Under the Obama administration, only high-priority cases, such as those involving violent criminals and national security risks, will be pursued. She added that “prosecutorial discretion” cases will not alleviate the need for passage of the DREAM Act or for larger reforms to the immigration law.
Cecilia Munoz, White House Director of Intergovernmental Affairs, blogged that “the president has the responsibility of enforcing existing laws in a smart and effective manner.” Munoz, who is a former official of the radical Hispanic organization, La Raza (The Race), repeated the Obama party line that the executive branch of the government no longer will focus resources on low-priority cases in deportation.
She agreed with Secretary Napolitano’s letter to Durbin that endorsed a memorandum by John Morton, DHS Director of Immigration and Customs Enforcement (ICE).
Issued on June 17, 2011, the Morton memo was entitled, “Exercising Prosecutorial Discretion Consistent with the Civil Immigration Enforcement Priorities of the Agency for the Apprehension, Detention, and Removal of Aliens.” In it, Morton permitted DHS attorneys and officers to use “prosecutorial discretion” when dealing with removal cases.
The Morton memo followed earlier attempts in 2010 to effectuate amnesty for illegal aliens through a bypass of the legislative process. It set forth categories that DHS officers, agents, and attorneys are to consider in determining whether or not to cancel deportation/removal proceedings or efforts — regardless of where in the system an alien may be.
Meanwhile, President Barack Obama continued to speak out of both sides of his mouth. In his July 2011 speech to La Raza, he rejected the idea of imposing immigration reform without legislation passed by Congress, which is designated by the Constitution as the nation’s lawmaking body.
Obama stated, “Now I know some people want me to bypass Congress and change the laws on my own . . . the idea of doing on my own is very tempting. But that’s not how the system works. That’s not how democracy functions.” Yet Obama condones a bureaucratic obfuscation of content, meaning, and responsibility for deciding which immigration laws to enforce.
This Democratic motif works to bypass Congress and its obligations to enact laws. It muddles the understanding and application of existing immigration laws as well as DHS regulations and operating instructions, thus confusing an already befuddled bureaucracy.
Obama amnesty is to be achieved by administrative and bureaucratic fiat. As with other Obama administrative fiats, such as those in EPA, Agriculture, Interior, National Labor Relations Board, Health and Human Services, and OSHA, the Obama re-election juggernaut decided to merely bypass the Constitutional process.
Congress be damned is the insider motto at the White House, where it is assumed that no news organization will dare criticize the president’s actions, even if unconstitutional.
Many in the illegal alien community believe that the Napolitano letter has opened the door for amnesty. Along with the Morton memo, it authorizes ICE field personnel to effectuate amnesty by creating a bureaucratic nightmare of piecemeal decisions.

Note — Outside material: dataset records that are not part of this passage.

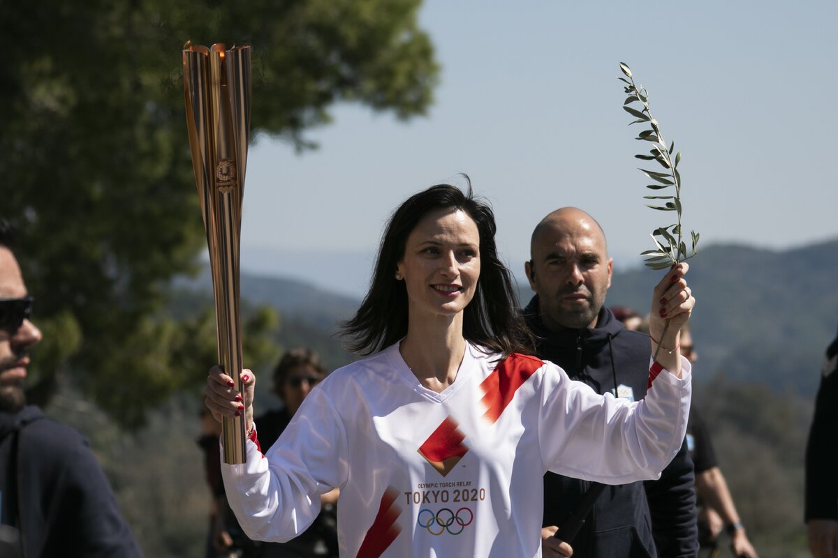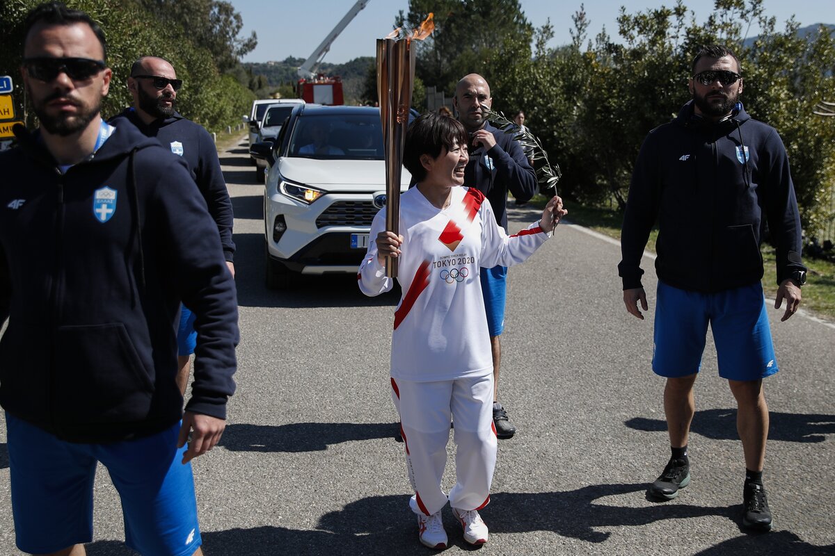 Коракаки передала факел Мизуки Ногучи – победительнице женского марафона на Олимпиаде 2004 года в Афинах. Она стала первой японской спортсменкой, которая приняла участие в эстафете 8/10 Фото: AP/Thanassis StavrakisФото: AP/Thanassis Stavrakis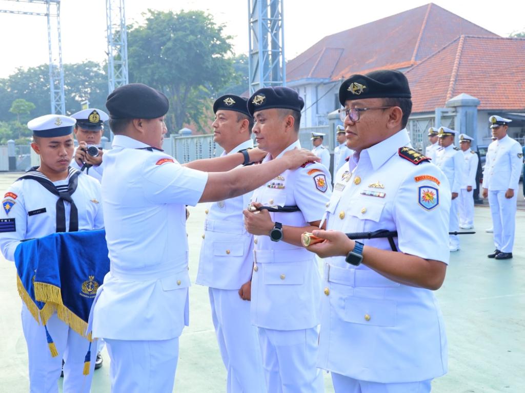 Komandan Satuan Kapal Selam (Dansatsel) Koarmada II Kolonel Laut (P) Moh. Akbar, S.H., M.H., M.M.Sc., memimpin upacara serah terima jabatan Komandan KRI Alugoro-405 dan Komandan KRI Nagapasa-403. Kegiatan tersebut dilaksanakan di Dermaga Kapal Selam Koarmada II Ujung, Surabaya, Senin (6/4/2026).
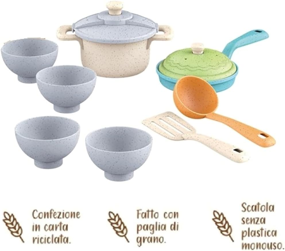 ✔️Eco chef set Pentole da cucina Gourmet 12 pezzi - Giocattolo in materiali ecologico ✔️Set composto da : spatola, mestolo, 2 posate, pentola e coperchio, padella e coperchio, 4 scodelle. Dimensione scatola 30 x 20 x 11 cm ✔️ Per 3 anni + ✔️Include portachiave pailettes linea PRESTIGE & DELUXE di colore e forma casuale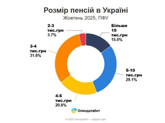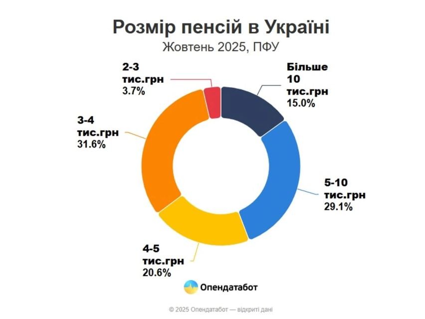 6,4 тисячі грн склала середня пенсія в Україні за даними Пенсійного фонду станом на початок жовтня 2025 року. Втім майже третина пенсіонерів отримують, в середньому, виплати у розмірі 3340 грн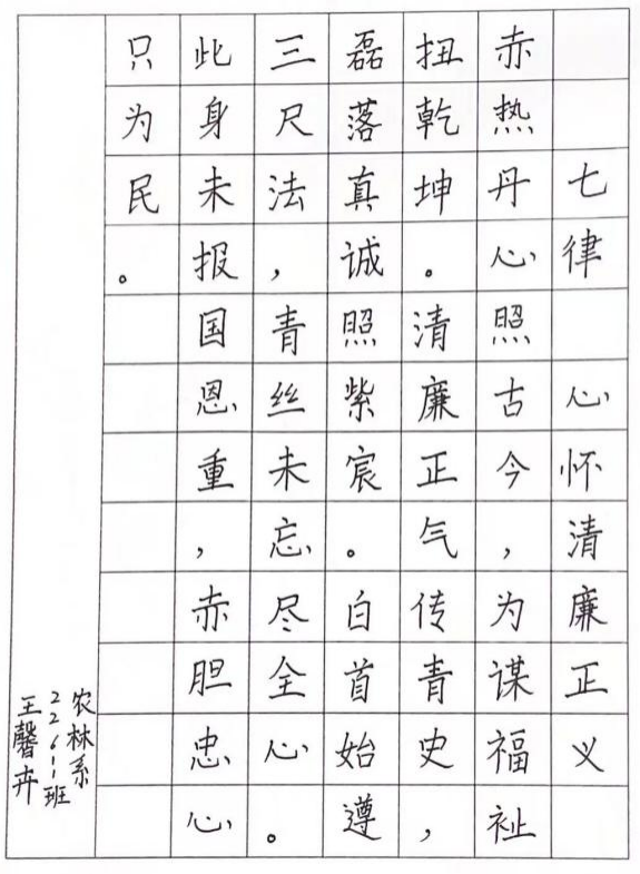 为深入学习宣传贯彻党的二十大精神,加强廉政文化建设,系部开展了以“敬廉崇洁”为主题的学生书法展、绘画展,全校师生认真欣赏了同学们的艺术作品,经全体师生匿名投票评比,优秀作品如下:

Immigrant advocates consider this a plus, for bureaucratic anarchy leads to favorable outcomes for illegal aliens. In a sub-rosa manner, Obama political appointees are requiring career federal employees to broaden the interpretation of the Morton memo and Napolitano letter to apply to all illegal aliens.
In the process, the president’s re-election team is attempting to bag the idea of separate but equal branches of government. An end run of Congress and the legislative process is deemed necessary by the Obama administration to pacify the Hispanic population and show that the president cares for illegal aliens, especially those who vote in U.S. elections.
Pressure by immigration advocates forced Obama to take action to appease the Hispanic population, the largest minority in the country.
Statements by Hispanic journalists and activists that Obama had broken his promise of immigration reform were numbing his re-election fervor. Such criticisms were paralyzing the White House, which has now found a remedy in “prosecutorial discretion.”
While it is campaign season, and the Obama administration is pulling out all the stops, where is a rebuttal of the Morton memo and the Napolitano letter by the Republican congressional leadership?